Moskitonetze schützten das Fenster, und über dem Bungalow stand ernst und fern das Kreuz des Südens. Der Mann hieß Dr. John Rapur. Er war fünfundvierzig Jahre alt, Bakteriologe, in Bombay geboren, in England studiert, Mitglied einer Forschungsgesellschaft, die sich mal in Afrika, mal auf Ceylon, mal in Paris, mal in New York aufhielt.
Er betrachtete das Bild lange, und dann sagte er leise: »Wo bist du jetzt, Lisa? Wie lange habe ich nichts mehr von dir gehört? Zehn Jahre? Zwölf Jahre? Fünfzehn Jahre?«
Und wieder schaute er auf das lachende, runde Mädchengesicht, sinnend, kopfschüttelnd.
Er hatte nicht gewusst, wo Lisas Foto geblieben war, und heute, ausgerechnet heute hatte er es gefunden. John Rapur glaubte an schicksalhafte Fügungen, und es war ihm, als wolle das Bild zu ihm sprechen.
Hatte es eine besondere Bedeutung, dass er es heute aus einer Mappe genommen hatte, in der er alte Notizen aufbewahrte? War es ein Zeichen des Himmels oder nur ein Zufall? John wusste es nicht.
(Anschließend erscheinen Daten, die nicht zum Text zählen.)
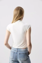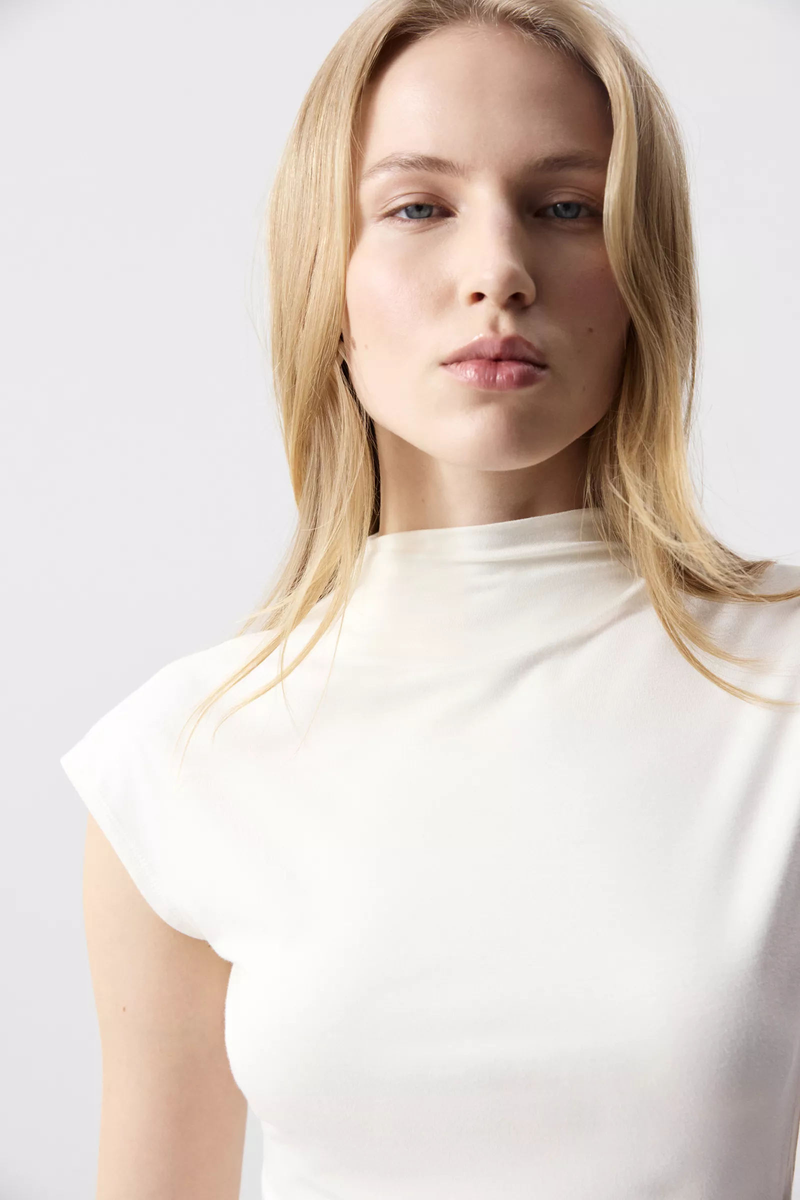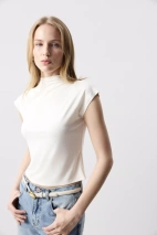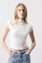 Топ из трикотажа с горловиной-стойкой — лаконичная модель с акцентом на чистый силуэт и современную эстетику. Цельнокроеный короткий рукав формирует плавную линию плеча. Горловина-стойка подчёркивает шею.

Draußen erklangen die Geräusche der tropischen Nacht, vertraut und bekannt. Irgendetwas summte um den Lampenschirm. John nahm seine Brille ab und legte das Foto vor sich auf den Schreibtisch. Achtzehn war sie gewesen und das Liebenswerteste, was ihm in Europa begegnet war. Sein erstes Mädchen. Seine erste Liebe. Wie tragisch war ihnen alles erschienen, wie unsagbar ernst und schicksalhaft.
Er sah sie aus dem Zug steigen, der sie jede Woche einmal nach London brachte. Er sah sie im Rahmen des weißen Klinikzimmers erscheinen, wo er mit Lungenentzündung lag. Er sah sie am Tisch sitzen im Indischen Klub und die knusperigen Tschapatis mit wachsendem Genuss essen. Er sah sie auf der Freitreppe des großen Herrenhauses stehen, wo sie den Sommer verbrachte und er sie besuchte, und er sah sie noch einmal am Kai stehen und winken, als sein Schiff ablegte, das ihn nach Aden brachte und von Aden nach Colombo – sein Schiff, das ihn unweigerlich von ihr wegführte, in die Zukunft hinein, in die Ferne, in ein Leben, das sie nicht teilen sollte, sosehr sie es vielleicht gewünscht hatte. Vielleicht? Er wusste, dass sie sich nichts anderes wünschen und vorstellen konnte, als bei ihm zu bleiben bis ans Ende ihres Lebens.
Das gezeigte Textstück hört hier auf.